Bit/Byte Manipulations in C

[era86]

Greetings!

I have a quick question that seems a bit difficult to google, or maybe I didn't try hard enough. Anyway, I want to know what happens if I have an unsigned short pointer (u16) and increment it on a unsigned char (u8) buffer.

For example:

PHP Code:

unsigned short * num;
unsigned char buf[1024];
num = buf;
num++; 


Does this increment a whole 2 bytes? Would I go from byte 0 to byte 2?

Thanks in advance!

[movieman]

Does this increment a whole 2 bytes? Would I go from byte 0 to byte 2?

Yes.

[era86]

Sweet. And...

When I cast a u16 to a u8, which bits are cut out of it? For example:

PHP Code:

u16 var16 = 0x00FF;
u8 var8 = (u8)var16; 


Do I get the 0x00 or the 0xFF?

[dwhitney67]

era86

Would it kill you to write a 10 line program to figure this out on your own?

If you have a 16-bit value, why don't you tell me which portion of it you want to assign to your 8-bit value... do you want to MSB or the LSB? Depending on what you want, then assign your 8-bit value appropriately, without performing a "lame" cast. For example:

Code:

#include <stdint.h>
...
uint16_t two_bytes     = 0xDEAD;
uint8_t  one_byte_LSB  = two_bytes & 0xFF;             // obtains the LSB
uint8_t  one_byte_MSB  = (two_bytes & 0xFF00) >> 8;    // obtains the MSB

P.S.
MSB = Most Significant Byte
LSB = Least Significant Byte

P.S.S.

Code:

#include <stdint.h>
#include <assert.h>

int main()
{
  uint16_t value = 0xDEAD;
  assert((uint8_t)value == 0xAD);
}

[uljanow]

Sweet. And...

When I cast a u16 to a u8, which bits are cut out of it? For example:

PHP Code:

u16 var16 = 0x00FF;
u8 var8 = (u8)var16; 


Do I get the 0x00 or the 0xFF?

That depends on the endianness of the machine.

[movieman]

That depends on the endianness of the machine.

No, you'll always get the low byte if you cast a u16 value to u8.

I think you're confusing it with casting pointers, where the value of the byte at the address the u16 pointer pointed to would depend on the endianness.

i.e.

u16 foo
u8* bar = (u8 *) &foo;

*bar could be either high or low byte depending on the machine.

[era86]

era86

Would it kill you to write a 10 line program to figure this out on your own?

If you have a 16-bit value, why don't you tell me which portion of it you want to assign to your 8-bit value... do you want to MSB or the LSB? Depending on what you want, then assign your 8-bit value appropriately, without performing a "lame" cast.
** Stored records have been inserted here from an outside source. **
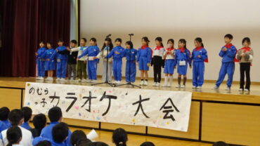 野村っ子タイム(ロングタイム昼休み)に「野村っ子カラオケ大会」1年生、3年生後半の部がありました。司会進行は放送委員会です。
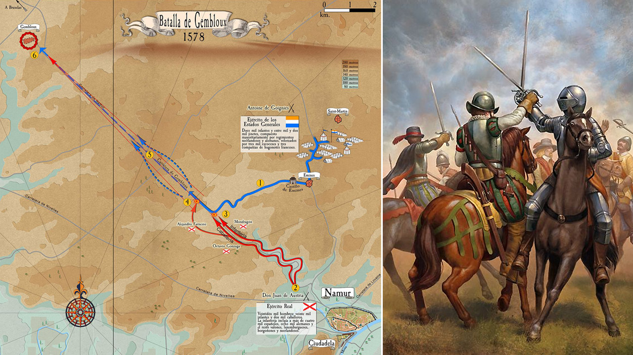 31 января 1578 года 1200 испанских кавалеристов наголову разгромили 20-тысячную вражескую армию, истребив не менее трех тысяч солдат противника и захватив в плен более семи тысяч. При этом их собственные безвозвратные потери составляли всего 12 погибших и умерших от ран. Вы, наверное, подумали, что это был очередной погром, устроенный конкистадорами американским индейцам, впадавшим в ступор от вида всадников и грома мушкетных залпов. Но, нет. Сражение произошло на территории современной Бельгии, возле укрепленного города Жамблу, а оппонентами испанцев была регулярная армия Нидерландов, вооруженная и экипированная ничуть не хуже, чем их противники.
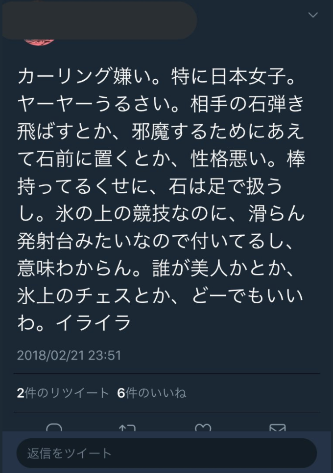 「「「カーリング女子嫌い」ってわざわざつぶやく人種が嫌い」ってわざわざつぶやく人種が嫌い」ってわざわざつぶやく人種が嫌いなんですが、わかる人いませんか
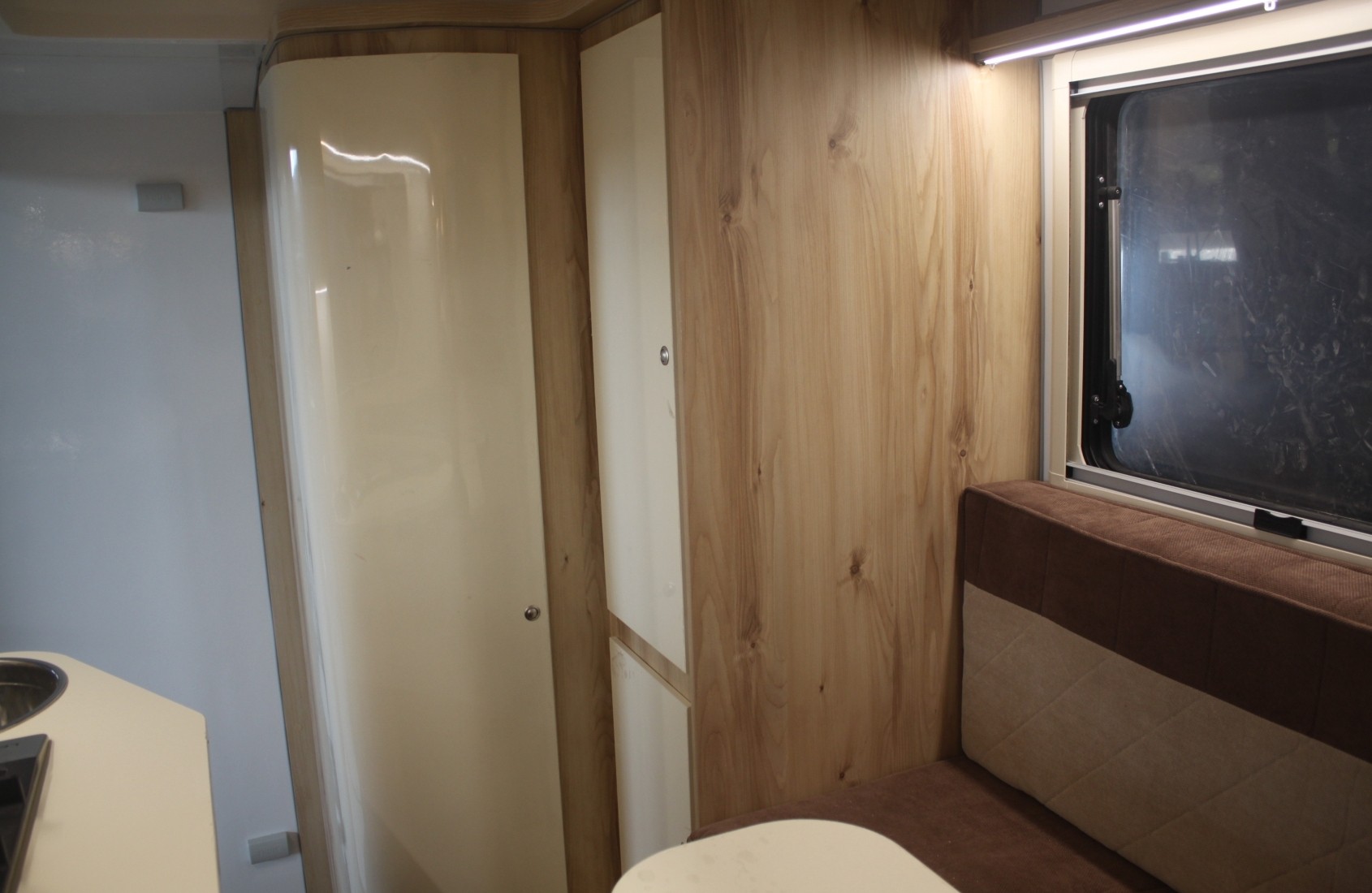 Notranjost ponuja nekaj prostora za shranjevanje, kuhinjo s pomivalnim koritom, štedilnik z enim gorilnikom ter kopalnico s tuš kabino, umivalnikom in straniščem. Svežo vodo shranimo v ogrevan shranjevalnik s kapaciteto 70 litros, za odpadno vodo pa nam je razpolago še posoda s 45 litri prostornine. Predelava je že opremljena z vso potrebno eletricamente napeljavo, kot tudi napeljavo za jeklenko propana, s katero se lahko ogrevamo in kuhamo.
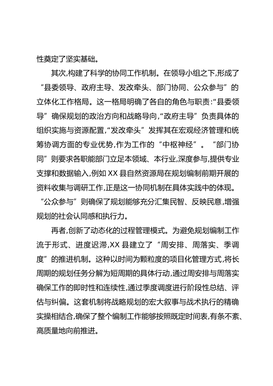 關(guān)于XX縣扎實推進“十五五”規(guī)劃編制工作的階段性研究報告“十五五”時期是XX縣在新發(fā)展階段實現(xiàn)高質(zhì)量發(fā)展的關(guān)鍵五年。自規(guī)劃編制工作啟動以來,XX縣委、縣政府高度重視,堅持高點站位、系統(tǒng)謀劃、多措并舉,扎實推進各項前期工作。本報告對XX縣“十五五”規(guī)劃編制工作的組織機制、調(diào)研基礎(chǔ)、項目謀劃等階段性成果進行系統(tǒng)梳理與深度分析,并對后續(xù)工作提出前瞻性思考,旨在為確保規(guī)劃的科學(xué)性、前瞻性與可操作性提供參考。一、頂層設(shè)計與組織保障構(gòu)建高效協(xié)同的編制工作格局規(guī)劃編制是一項復(fù)雜的系統(tǒng)工程,高效的組織領(lǐng)導(dǎo)是其順利推進的根本保障。XX縣在“十五五”規(guī)劃編制工...
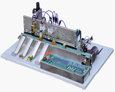 材料分拣实验模型,材料分拣实验装置采用台式结构,配有PLC(自备)、传感器(金属物料检测、非金属物料检测、磁性物料检测)、直流电机、输送带、电磁阀,减压阀,空气滤清器,气压指示表、金属物料、非金属物料、磁性物料等。是一套模拟工业自动化生产物料分拣过程的微缩模型,可以实现不同材料的自动分选和归类,并由上位计算机监控。
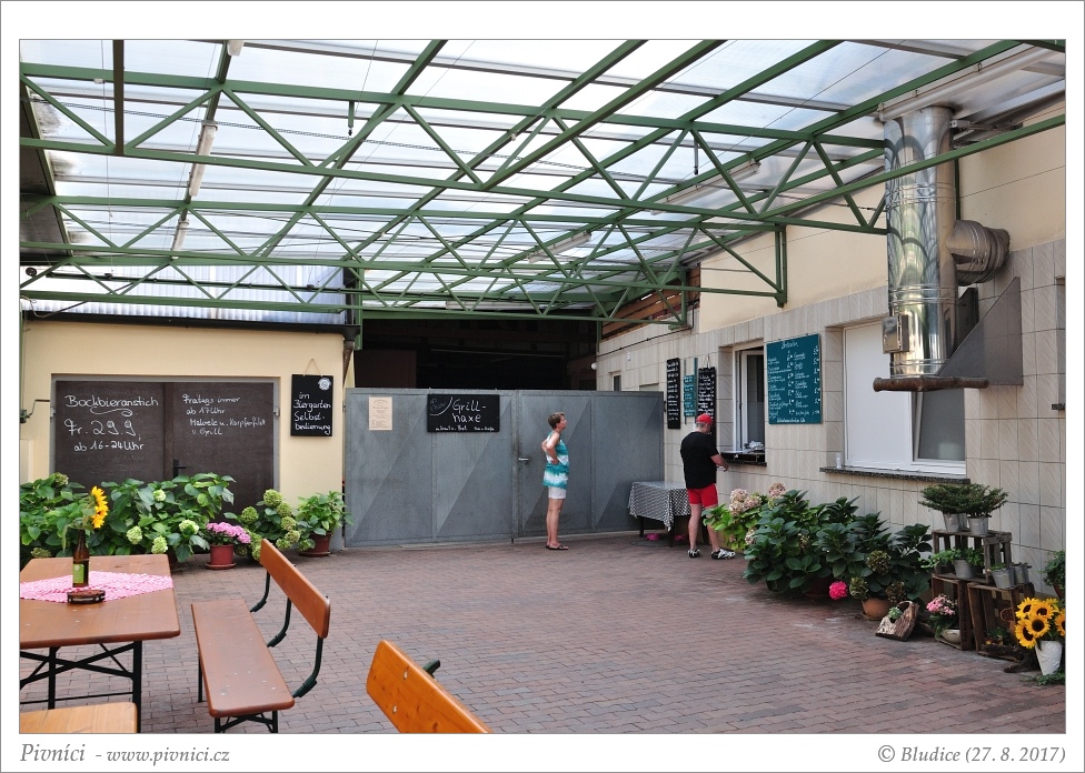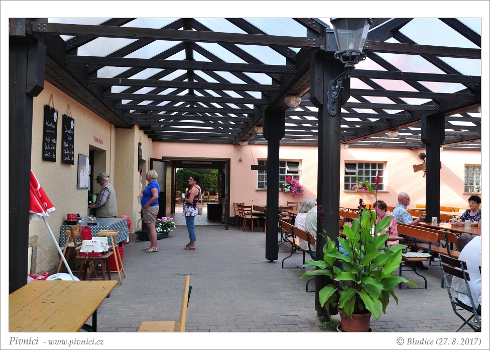 Pivovárek u hlavní silnice, uvnitř je restaurace, vedle ní plexisklem zastřešená zahrádka. V létě při pařícím slunci je to zde trochu jako ve skleníku. Později odpoledne se otevírá i větší pivní zahrada vzadu na dvoře za budovami pivovaru. Tam je už o poznání lépe – sedí se u stolků ve stínu stromů a slunečníků, moc fajn místo.Obsluha (4 - výborné):
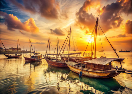 Vintage Zanzibar Dhow Ships: Classic Sailing Vessels at Sunset
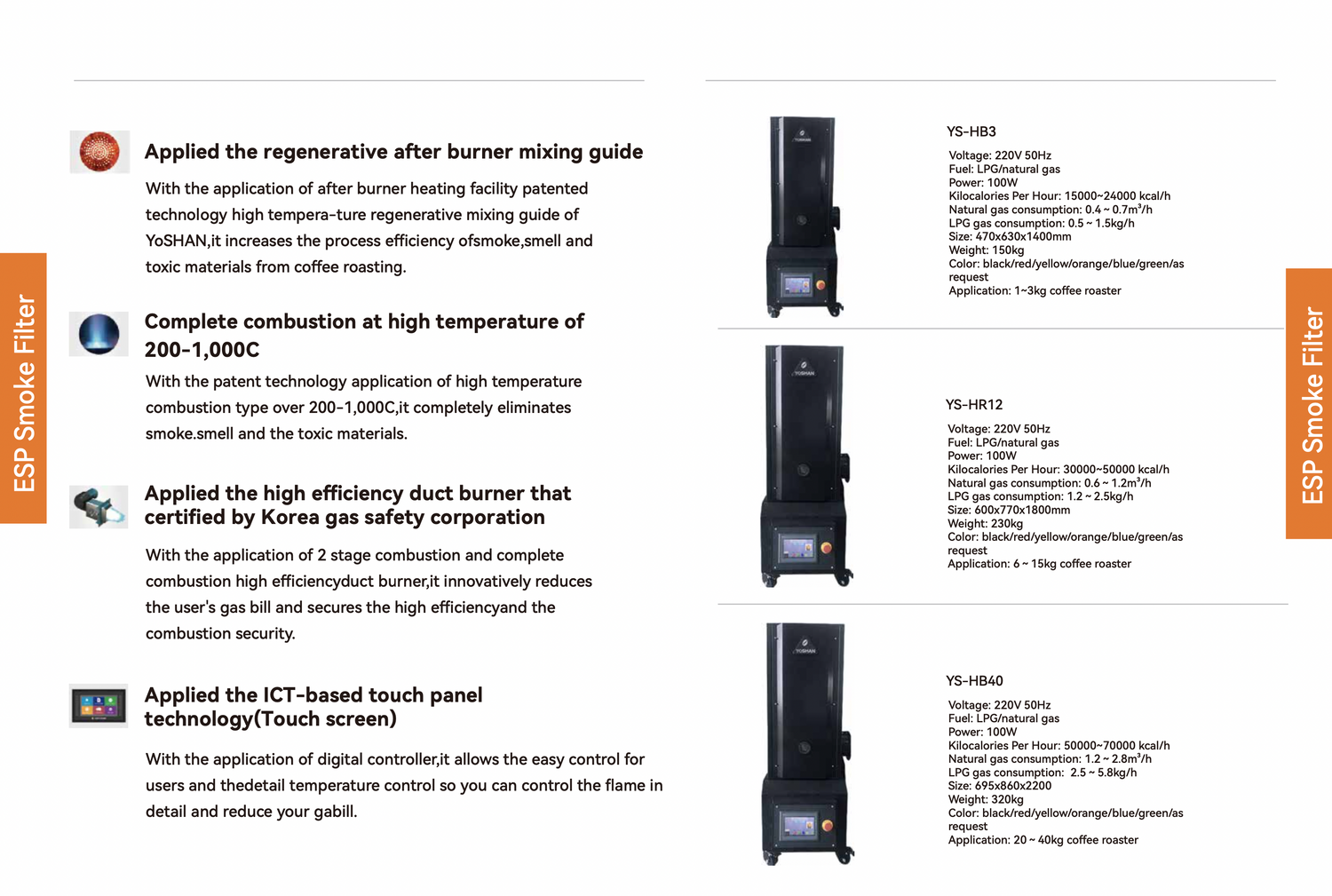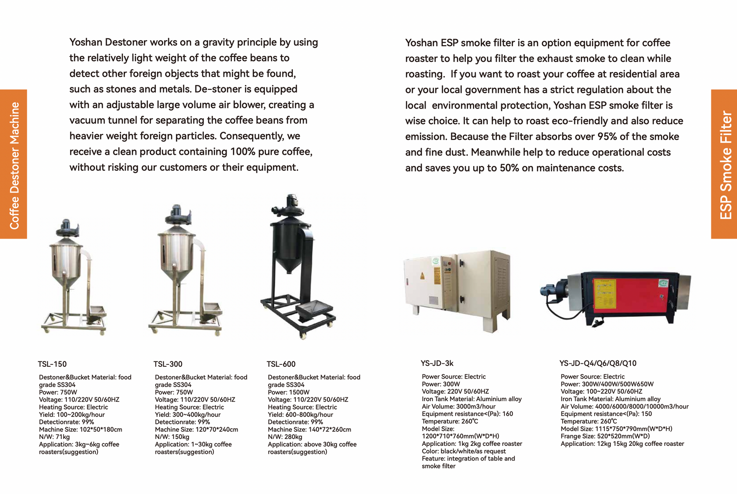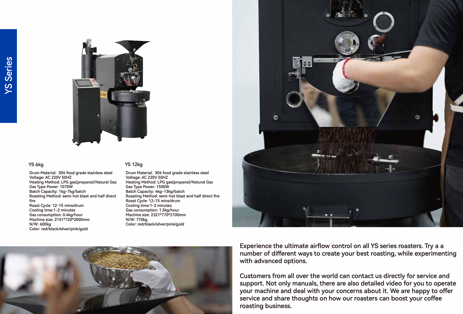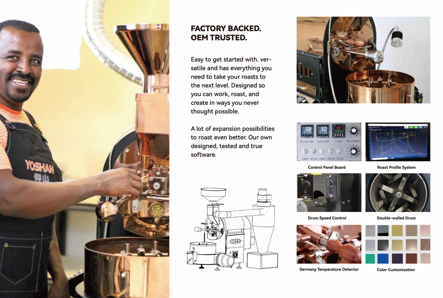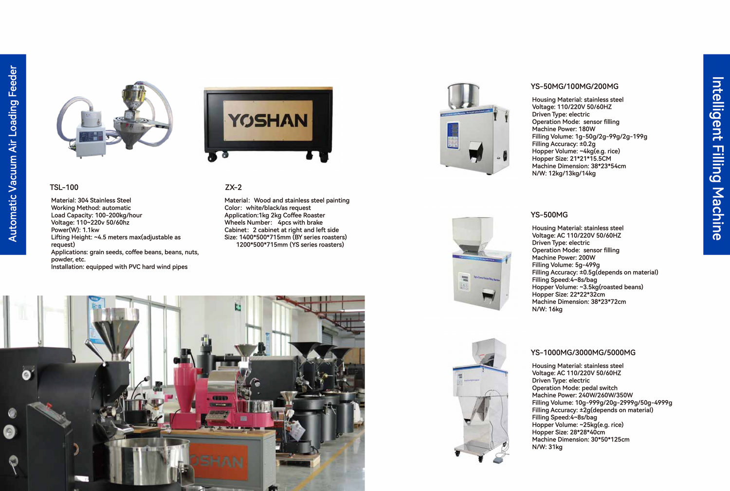 Durante 30 años Dongyi Yangshan Mechanical Equipment Co. Ltd., ha brindado la mejor solución para el tostado y procesamiento del café, utilizando tecnología alemana y motores japoneses; posicionándose como el fabricante lider en tostadores de café en China. La capacidad de sus tostadores va desde 1 kg hasta 300 kg. Actualmente, Yoshan es la única empresa capaz de producir tostadores de café de hasta 100 kg+ en China.
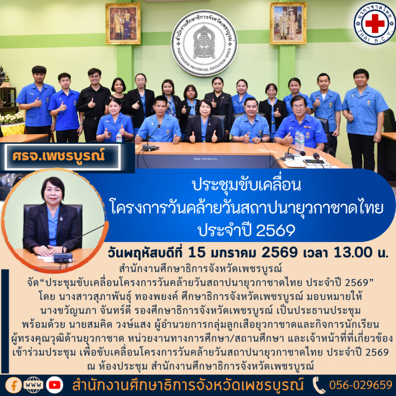 8 21 มกราคม 2569 วันพฤหัสบดีที่ 15 มกราคม 2569 ประชุมขับเคลื่อนโครงการวันคล้ายวันสถาปนายุวกาชาดไทย ประจำปี 2569   [21 มกราคม 2569]   อ่าน 13 ครั้ง
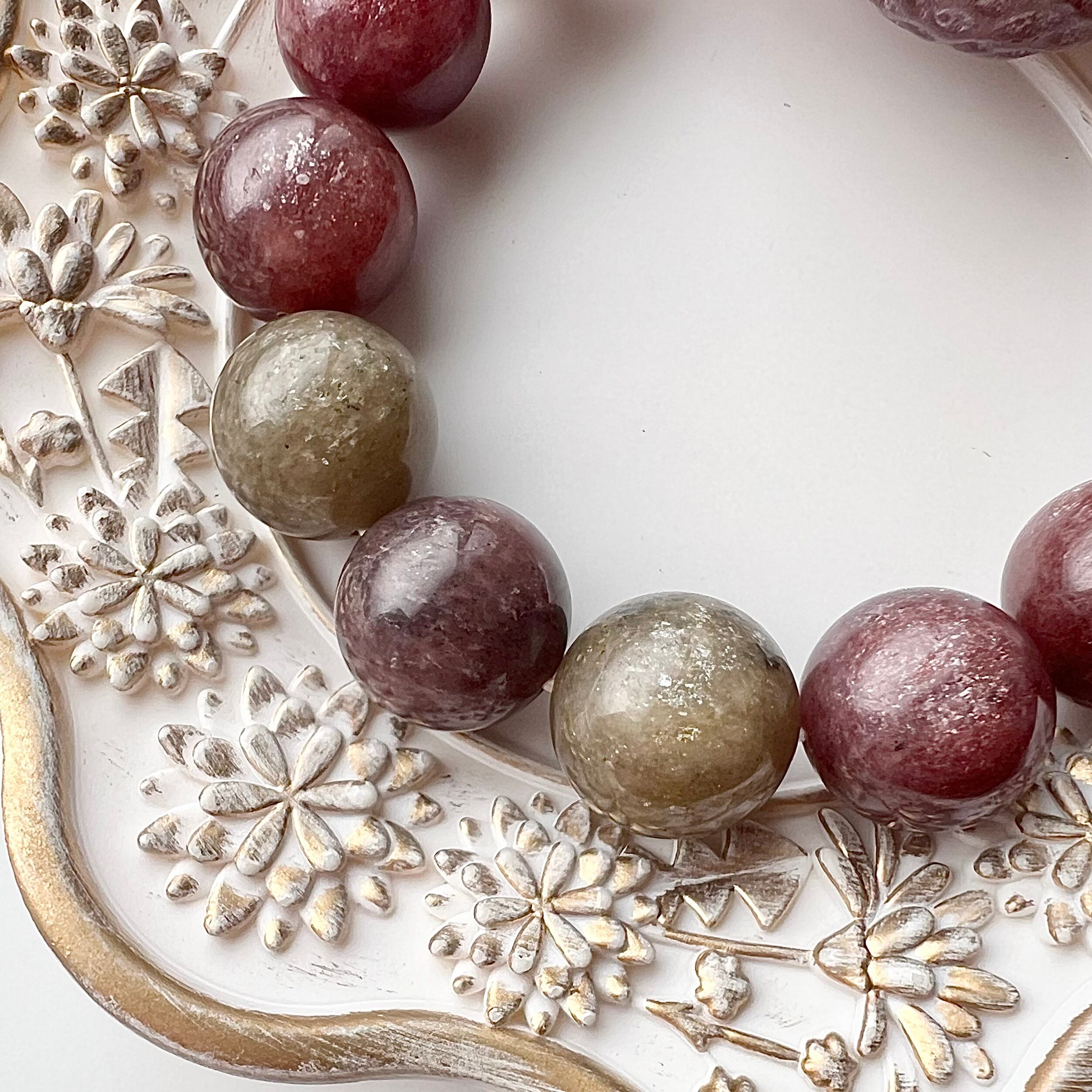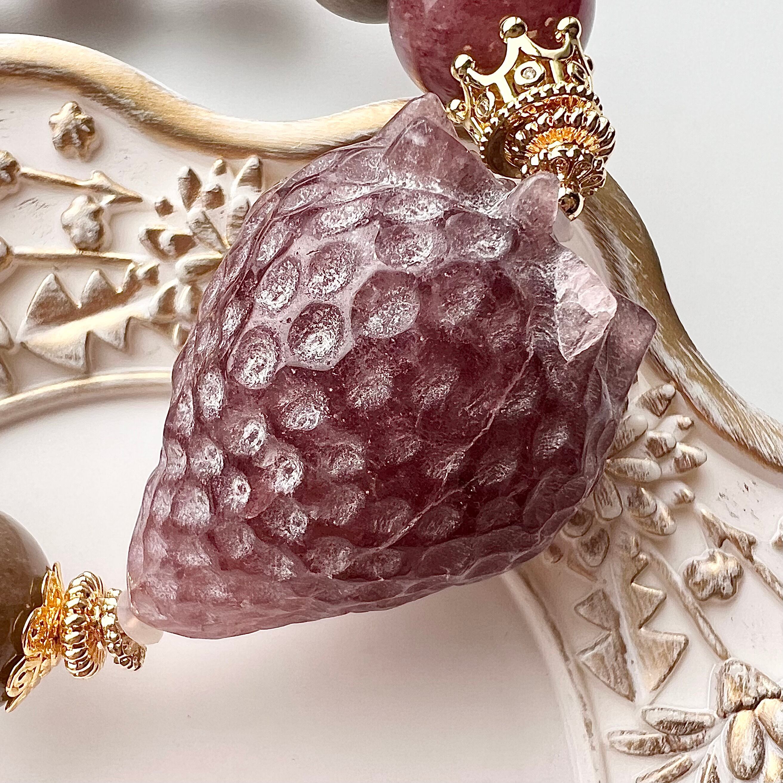 ブレス部分は木の実を思わせる、くすみカラーのストロベリークォーツを使用
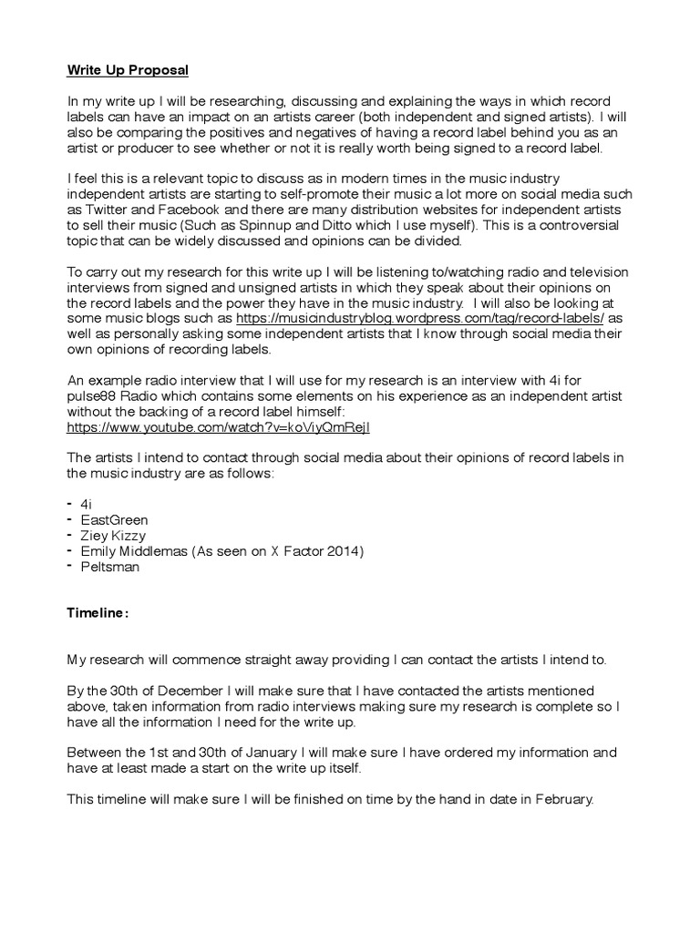 Record Label Write Up Proposal
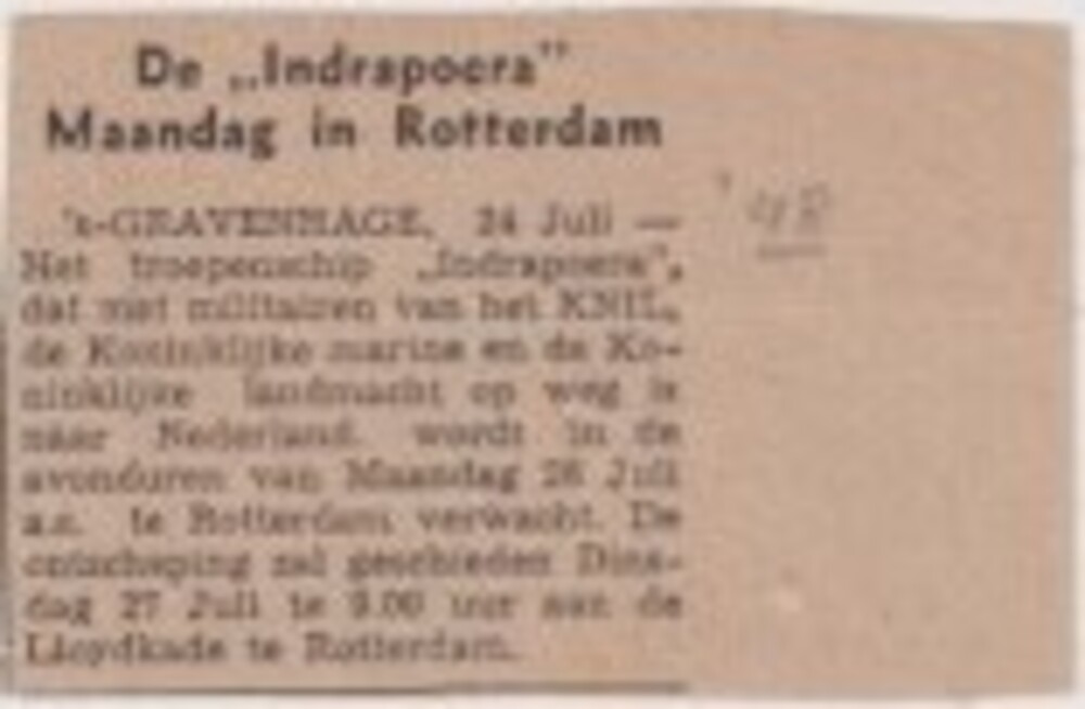 Krantenknipsel van 24 juli 1948 over aankomst van he...

For example:

Code:

#include <stdint.h>
...
uint16_t two_bytes     = 0xDEAD;
uint8_t  one_byte_LSB  = two_bytes & 0xFF;             // obtains the LSB
uint8_t  one_byte_MSB  = (two_bytes & 0xFF00) >> 8;    // obtains the MSB

P.S.
MSB = Most Significant Byte
LSB = Least Significant Byte

P.S.S.

Code:

#include <stdint.h>
#include <assert.h>

int main()
{
  uint16_t value = 0xDEAD;
  assert((uint8_t)value == 0xAD);
}

Thank you for your help. I thought someone might know on the top of their head, so I didn't bother to think if it would kill me to write a quick program. If it makes you feel better, I had figured this out on my own either way doing some very similar bit operations myself.

No, you'll always get the low byte if you cast a u16 value to u8.

I think you're confusing it with casting pointers, where the value of the byte at the address the u16 pointer pointed to would depend on the endianness.

i.e.

u16 foo
u8* bar = (u8 *) &foo;

*bar could be either high or low byte depending on the machine.

Hmmm. I might look into this. I'm getting errors in my code and I do this alot. I'm guessing this is not good practice?